Avoid burning bridges

Illustration by SHAWN McCREA | The Ranger

EDITORIAL

As graduates are leaving Amarillo College and beginning their journey elsewhere, students should have learned the importance of networking and the need for recommendation letters.

Networking plays a big role in college or job searching. Networking is interacting with others and developing professional relationships or social connections. Why is this important? If you ask a professor for a recommendation letter yet you barely attended class or were late every day, the instructor isn’t going to have very much to recommend.

By interacting with others, you can connect with the people that they know for future resources and opportunities. Networking is a way to help you get to the next chapter in your life. Leaving AC and burning bridges behind you shows
how one would act in a job setting and is also a reflection of character. This isn’t high school anymore. This is college and we’re all adults.

Students may not favor a specific professor but as an adult, there needs to be a mutual respect for one another.

That doesn’t mean you have to be best friends with each other, it means to be professional and cordial. Trash talking to your peers or other teachers isn’t the best way to receive a reference for that new job.

Today’s society is interconnected and Amarillo is not that big to begin with. Someone you know might know the right person to further your career. Leave a good impression after walking out of every room because someone is always watching.

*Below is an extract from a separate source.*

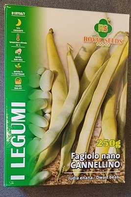 FAGIOLINO NANO CANNELLINO GR 250 Eccellente varietà per orto famigliare, capace di altissime produzioni. Si semina da Marzo a fine Maggio, a file distanti cm 50/60, ponendo un seme a cm 4/5. La raccolta dei baccelli inizia dopo 80/85 gg. dalla semina e si protrae per lungo tempo.

Valuing your work ethic is going to make you stand out to your professor who has a friend who’s hiring at the local news channel or Pantex. Professors see potential and they also see laziness and won’t recommend the student who’s lazy to their friend at Google or Northwest Hospital.

Social media has become an easy way of finding out who you are. As a student you represent AC, and as a barista you represent Starbucks. Wherever you go, you serve as a representative and what you post on social media can hurt your reputation.

According to Net Nanny 70% of employers say what they find on social media and online impacts their hiring decisions and 40% of college admissions officers visit the applicants social media. Digital footprint on the trail of data someone leaves behind when browsing the internet.

So as you prepare to graduate, remember not to burn the bridges you may need to cross.